>>>

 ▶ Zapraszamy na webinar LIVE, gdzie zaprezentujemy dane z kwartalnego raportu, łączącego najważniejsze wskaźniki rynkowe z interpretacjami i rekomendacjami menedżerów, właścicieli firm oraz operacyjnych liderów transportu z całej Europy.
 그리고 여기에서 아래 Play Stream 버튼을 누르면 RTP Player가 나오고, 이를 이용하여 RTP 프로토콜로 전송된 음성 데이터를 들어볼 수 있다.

<<<
>>>

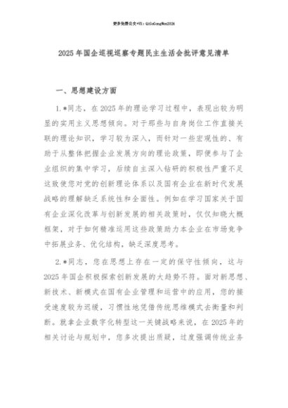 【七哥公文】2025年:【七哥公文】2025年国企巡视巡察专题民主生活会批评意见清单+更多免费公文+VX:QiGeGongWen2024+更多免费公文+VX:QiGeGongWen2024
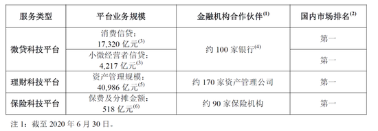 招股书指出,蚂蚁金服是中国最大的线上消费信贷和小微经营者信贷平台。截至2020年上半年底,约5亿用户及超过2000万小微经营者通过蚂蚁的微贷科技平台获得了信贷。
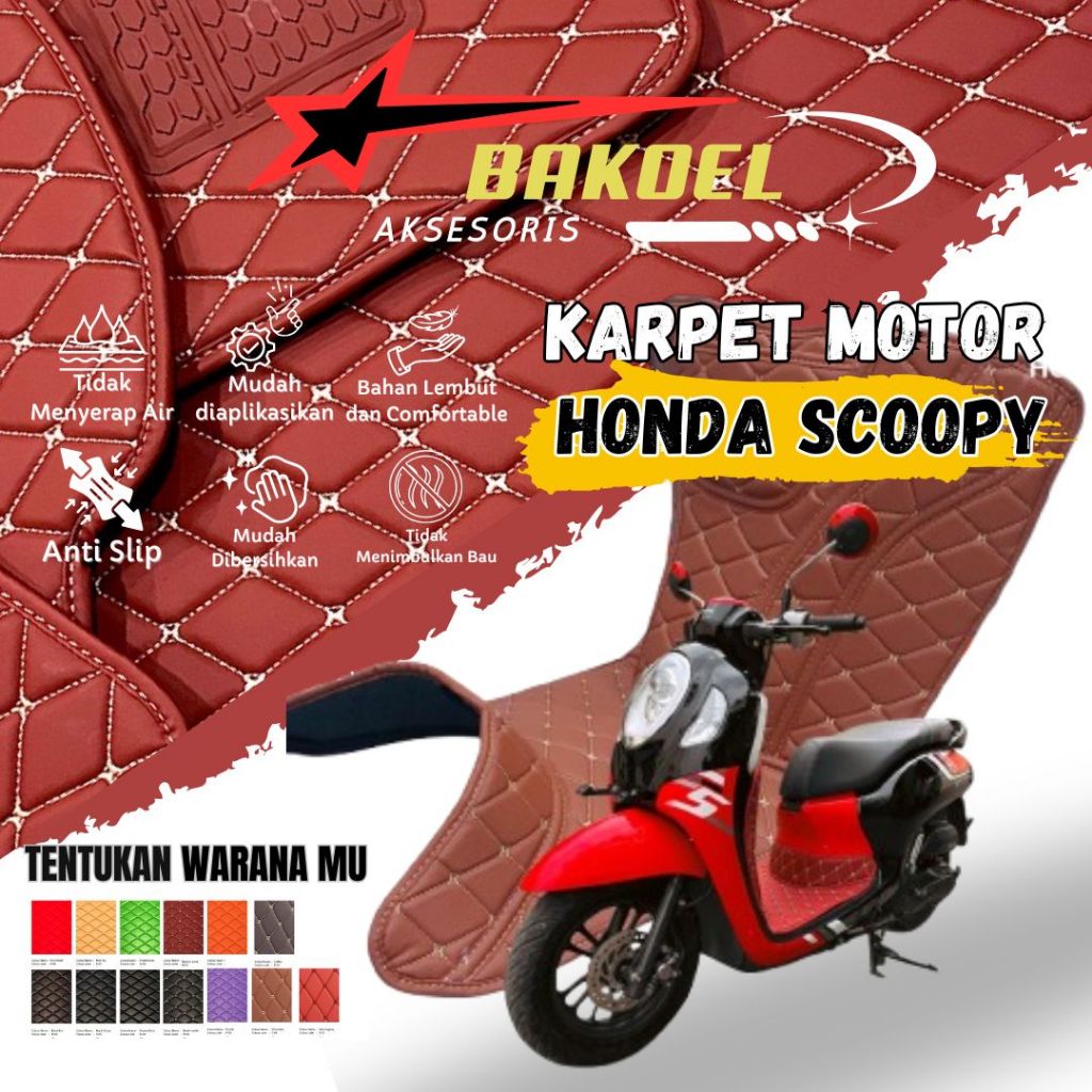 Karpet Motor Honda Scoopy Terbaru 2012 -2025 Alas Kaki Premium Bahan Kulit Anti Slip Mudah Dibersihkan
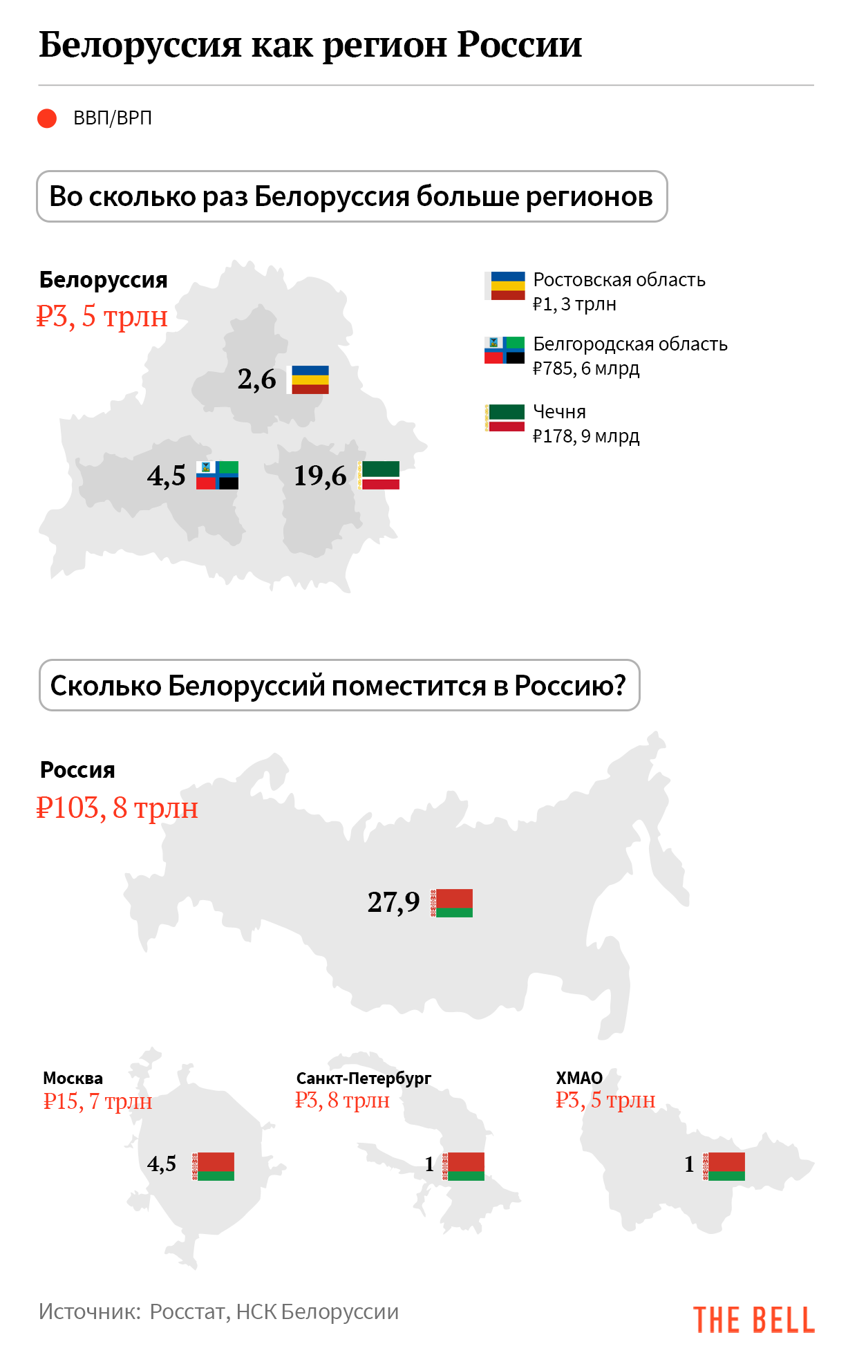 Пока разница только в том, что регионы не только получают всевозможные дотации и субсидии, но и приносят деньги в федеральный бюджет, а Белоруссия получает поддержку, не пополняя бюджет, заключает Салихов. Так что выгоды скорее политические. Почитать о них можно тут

<<<

_Brief_
Only the lines above starting at the line that holds "z całej Europy." and ending at the line that holds "그리고 여기에서 아래" are to be repeated, exactly and in full.

_Solution for this task_
 ▶ Zapraszamy na webinar LIVE, gdzie zaprezentujemy dane z kwartalnego raportu, łączącego najważniejsze wskaźniki rynkowe z interpretacjami i rekomendacjami menedżerów, właścicieli firm oraz operacyjnych liderów transportu z całej Europy.
 그리고 여기에서 아래 Play Stream 버튼을 누르면 RTP Player가 나오고, 이를 이용하여 RTP 프로토콜로 전송된 음성 데이터를 들어볼 수 있다.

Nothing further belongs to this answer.